The function will be applied to each partition, in the same way we applied aggregate functions on groups above, but now we won't collapse the partitions. Observe that the partitioning and ordering are based only on the selection we make (i.e., only those rows which are chosen in our WHERE clause).

We can use our regular aggregate functions as window functions, but there are also a couple of dedicated window functions, such as (there are more, but we won't use them in the course):

  • rank(): ranks rows by the order specified in the window, ties can occur,

  • row_number(): as rank(), but now we avoid ties, and rank by row number in the output, and

  • percent_rank(): gives a value between 0.0 and 1.0 (so it's a bit of a misnomer), giving the row's relative rank within its partition.

You can find more here.

Problem: Add one column which 'ranks' the laureates of 2013 in the table above according to the lengths of their names, within the categories – shorter names should come before longer names.

In [ ]:
%%sql
SELECT    category,
          name,
          count() OVER (PARTITION by category) AS count
FROM      nobel_prizes
WHERE     year = 2013
ORDER BY  category

Exercise: Above we listed Nobel prize number 32 to 42 in medicine, in chronological order, but our only way to check that our numbering is correct would be to list all the first laureates, and then count manually. Now use a window function to enhance the output from the query above with the chronological order of each laureate.

In [ ]:
%%sql

Exercise: For each laureate with the initial A, list their category, year, name, and 'freshness' within that category, i.e., the most recent laureate in a category is ranked 1, the second most recent laureate is ranked 2, etc.
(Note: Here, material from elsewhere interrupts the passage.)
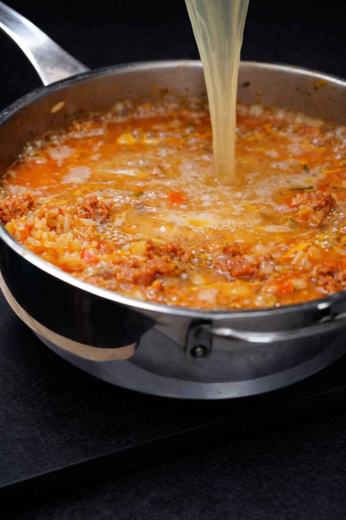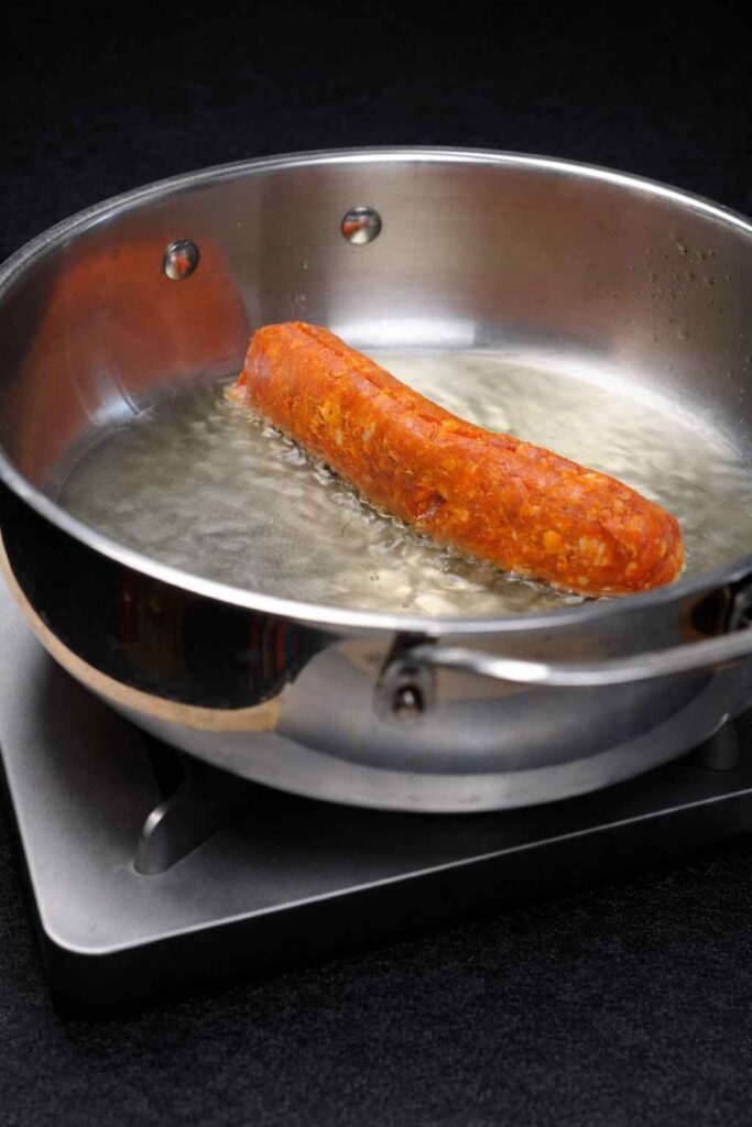 - Brown the Chorizo: Heat olive oil in a high-walled pan over medium heat. Remove chorizo from its casing and brown it, breaking it into small crumbles as it cooks.

The ranks should be confined to laureates with the initial A (we need some more tools to rank the 'freshness' over the whole category, but will get to it next time).

In [ ]:
%%sql

Some exercises¶

To spice things up a bit, I've included a table with all olympic games since 1896 – the table olympics contains the columns:

  • year
  • city
  • country
  • continent
  • season
  • ordinal_number

If we look carefully at this table, we can find some unnecessary repetition (try to find it!) – we will address this problem during lecture 2, but for now, we'll let it pass.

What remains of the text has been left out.